◆ **WHAT THIS TASK INVOLVES**:
Take the lines below from the one with "전체 자동광고는 설정값이" through the one with "of each other??" and print only them, exactly. Don't print the pictures.

◆ **EXTRACTED ENTRIES**:
▽
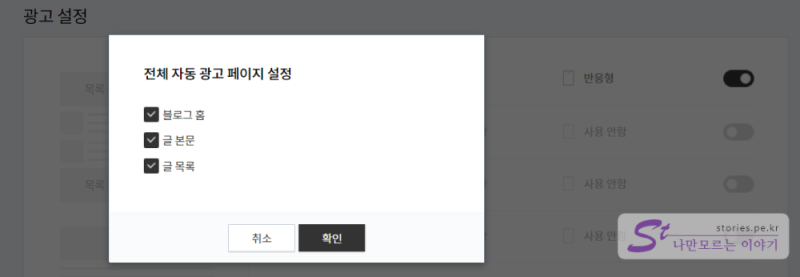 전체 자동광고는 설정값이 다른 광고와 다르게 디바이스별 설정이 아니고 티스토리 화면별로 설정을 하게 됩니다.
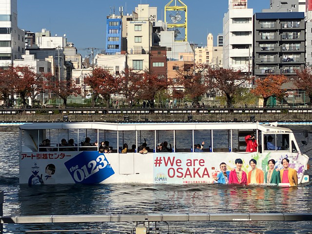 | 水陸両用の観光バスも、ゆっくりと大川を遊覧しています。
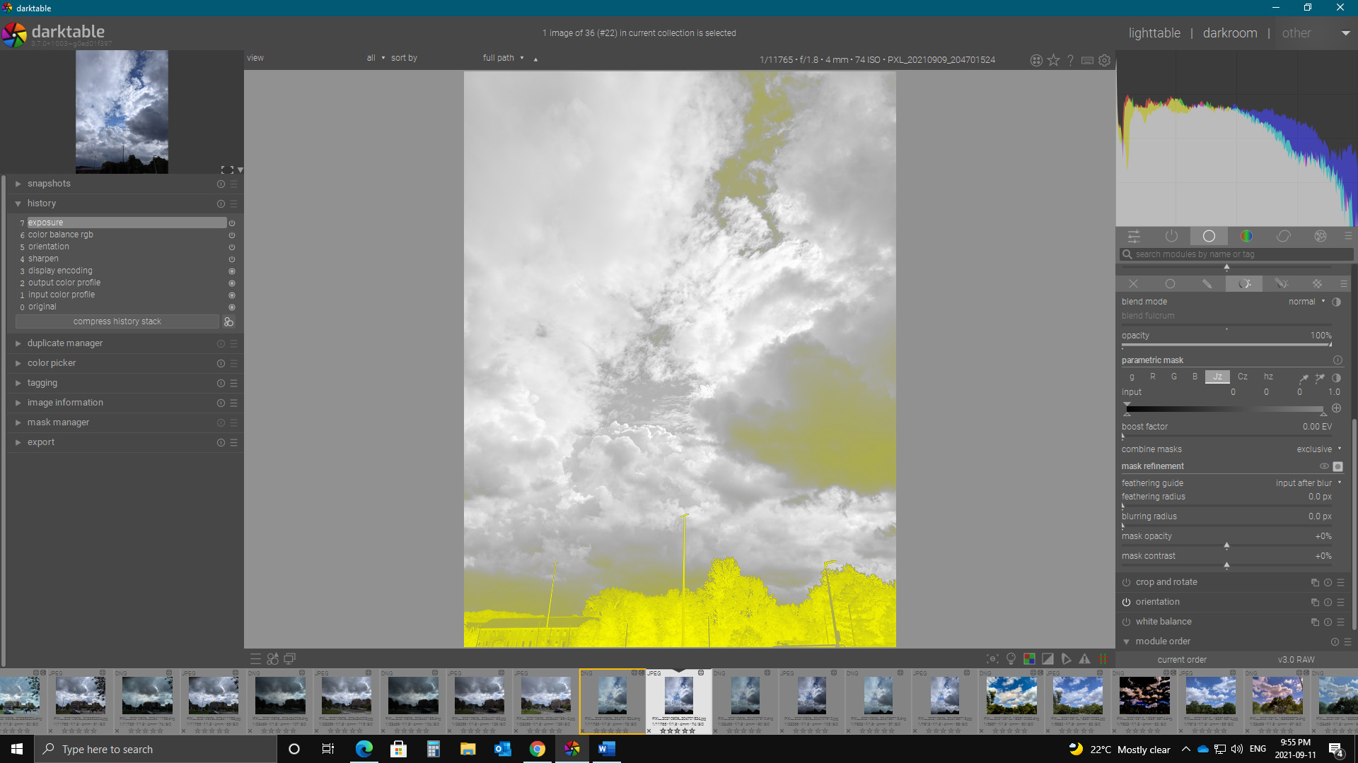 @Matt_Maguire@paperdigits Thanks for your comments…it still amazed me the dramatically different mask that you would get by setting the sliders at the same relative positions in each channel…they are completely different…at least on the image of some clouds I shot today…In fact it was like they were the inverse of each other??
△
▽
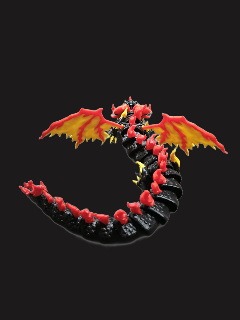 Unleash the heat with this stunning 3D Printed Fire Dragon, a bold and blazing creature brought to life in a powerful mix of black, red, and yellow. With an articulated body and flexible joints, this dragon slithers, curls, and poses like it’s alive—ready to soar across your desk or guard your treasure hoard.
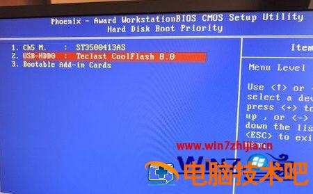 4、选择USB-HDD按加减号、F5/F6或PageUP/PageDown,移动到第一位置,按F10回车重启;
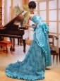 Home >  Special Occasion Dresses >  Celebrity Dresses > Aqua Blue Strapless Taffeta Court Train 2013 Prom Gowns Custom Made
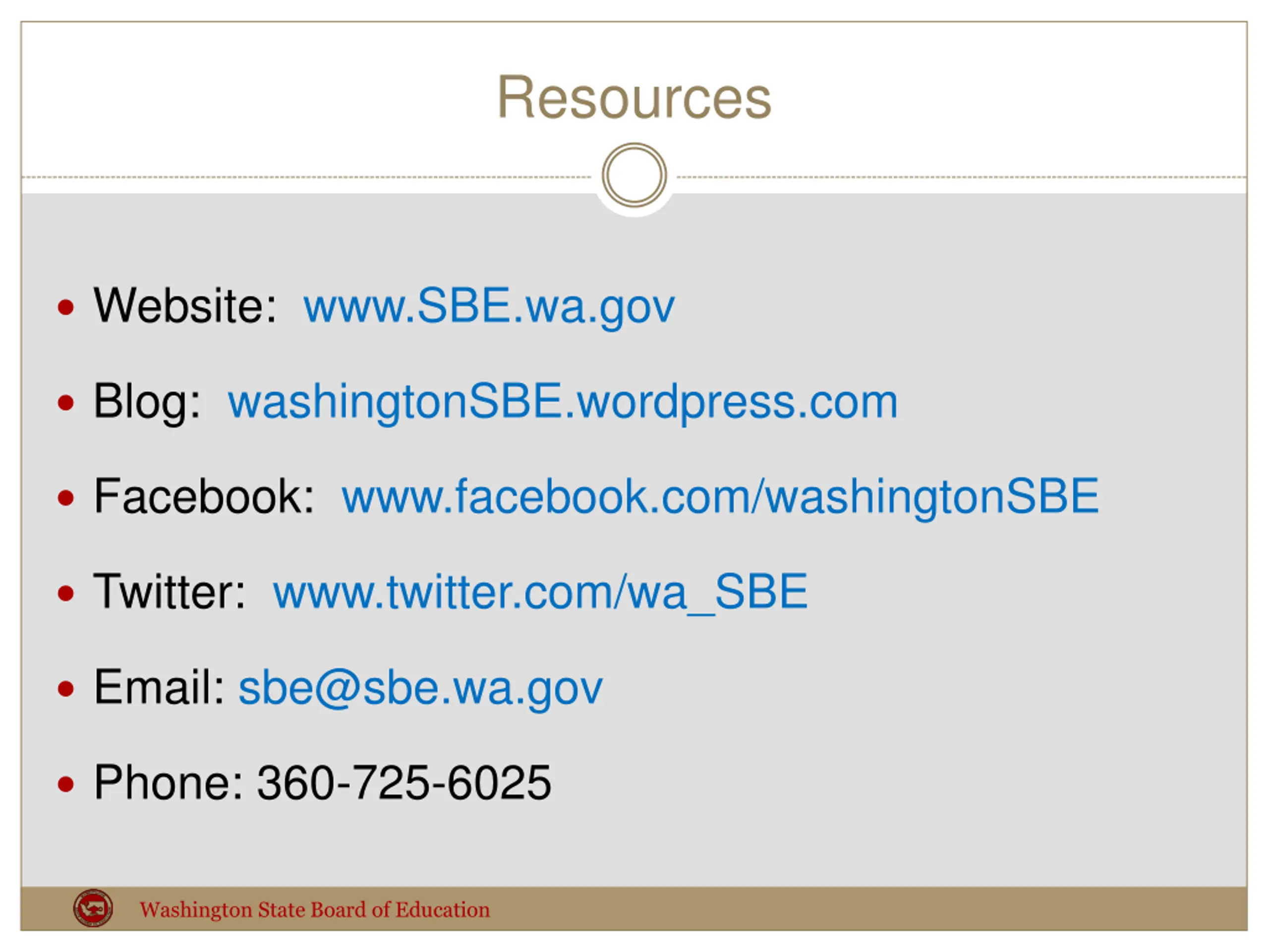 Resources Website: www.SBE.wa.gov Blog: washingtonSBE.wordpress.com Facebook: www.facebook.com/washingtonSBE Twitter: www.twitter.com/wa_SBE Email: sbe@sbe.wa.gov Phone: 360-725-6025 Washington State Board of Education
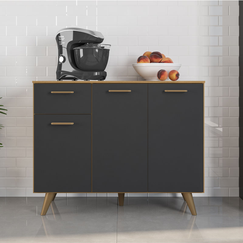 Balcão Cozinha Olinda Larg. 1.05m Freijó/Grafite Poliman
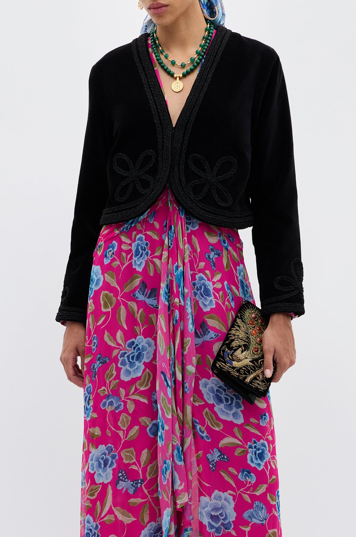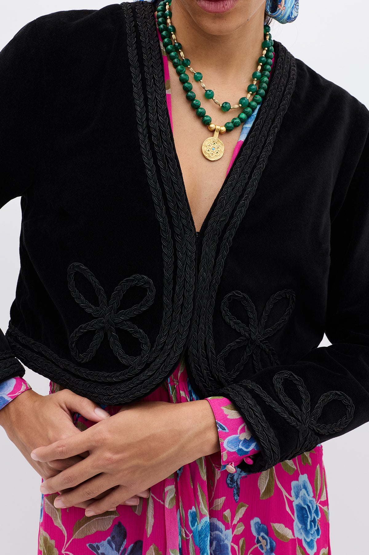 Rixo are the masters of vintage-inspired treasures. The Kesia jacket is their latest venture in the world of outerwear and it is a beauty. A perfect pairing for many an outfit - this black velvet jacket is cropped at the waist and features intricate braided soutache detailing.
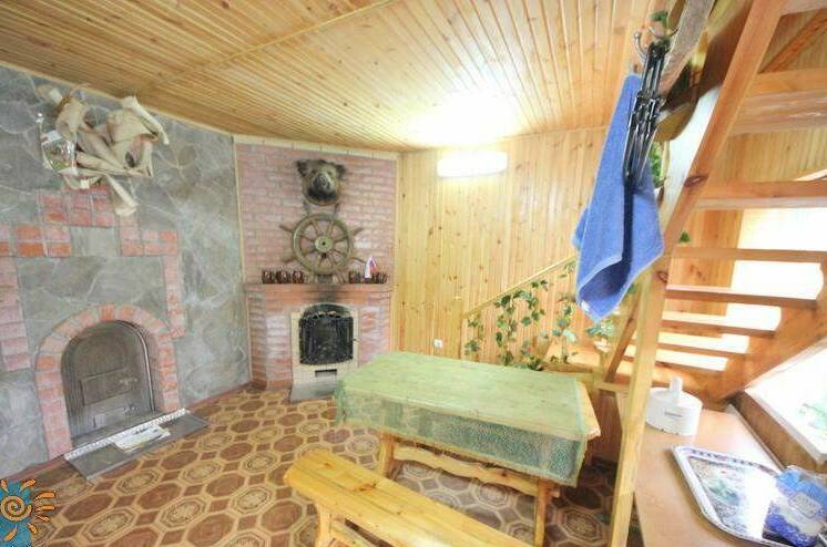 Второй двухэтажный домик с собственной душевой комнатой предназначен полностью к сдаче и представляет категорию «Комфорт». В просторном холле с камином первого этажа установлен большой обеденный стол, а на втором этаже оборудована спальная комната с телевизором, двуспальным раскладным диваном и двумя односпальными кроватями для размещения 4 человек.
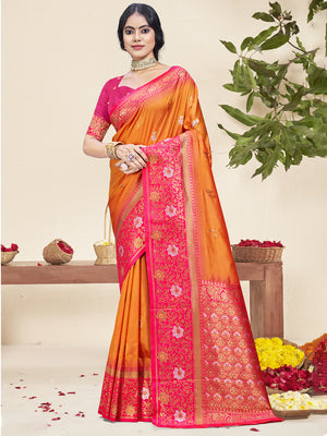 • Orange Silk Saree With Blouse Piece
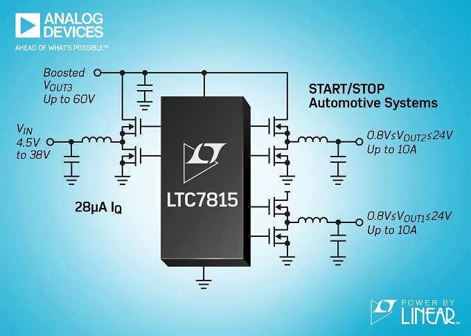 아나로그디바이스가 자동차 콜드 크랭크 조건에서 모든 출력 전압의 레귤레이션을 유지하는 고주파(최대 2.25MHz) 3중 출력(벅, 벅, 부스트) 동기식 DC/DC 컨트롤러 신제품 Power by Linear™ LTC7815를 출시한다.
△
◆ **RESULT BELOW**:
 전체 자동광고는 설정값이 다른 광고와 다르게 디바이스별 설정이 아니고 티스토리 화면별로 설정을 하게 됩니다.
 | 水陸両用の観光バスも、ゆっくりと大川を遊覧しています。
 @Matt_Maguire@paperdigits Thanks for your comments…it still amazed me the dramatically different mask that you would get by setting the sliders at the same relative positions in each channel…they are completely different…at least on the image of some clouds I shot today…In fact it was like they were the inverse of each other??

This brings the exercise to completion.